# Confession



## wallae (Jun 11, 2018)

I’ve been holding back on you guys here as I didn’t want to make anyone envious, but I just can’t hold it in any longer.

I have been informed on the Uber app that I am almost gold.

I assume once I reach gold there will be some kind of a big event, maybe at the Ritz Carlton in New York City. Lots of celebrities in attendance.

I believe all I have left to do is get my acceptance up from 40% to the mid 80s.

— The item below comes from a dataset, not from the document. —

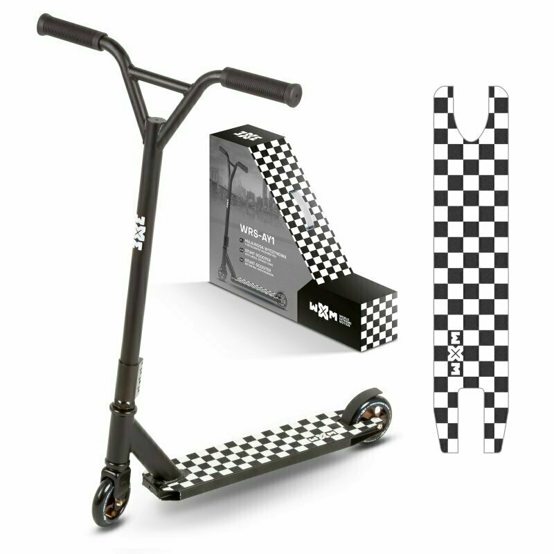 Hulajnoga wyczynowa WXM WRS-AY1 z metalowym rdzeniem kół.Cechy:- wysokość kierownicy od podłoża: 83cm,- szerokość kierownicy: 48cm,- gripy TPR o długości 12cm,- antypoślizgowy deck o wymiarach: 10x48cm- koła 10cm, PU 82A,- maksymalne obciążenie: 100kg,- zgodna z normą: EN 14619:2019- łożyska...

When I am notified about the time and place, I’ll make sure you all get engraved invitations.


----------



## tohunt4me (Nov 23, 2015)

wallae said:


> I've been holding back on you guys here as I didn't want to make anyone envious, but I just can't hold it in any longer.
> 
> I have been informed on the Uber app that I am almost gold.
> 
> ...


I will frame my invitation.


----------



## Invisible (Jun 15, 2018)

Enjoy your Subway cookie or drink.


----------



## MadTownUberD (Mar 11, 2017)

Enjoy seeing trip direction and duration before you reflexively hit Accept.


----------



## peteyvavs (Nov 18, 2015)

wallae said:


> I've been holding back on you guys here as I didn't want to make anyone envious, but I just can't hold it in any longer.
> 
> I have been informed on the Uber app that I am almost gold.
> 
> ...


We have a former special ed student driving for Uber, now don't disappoint us, get that AR up to 90%.


----------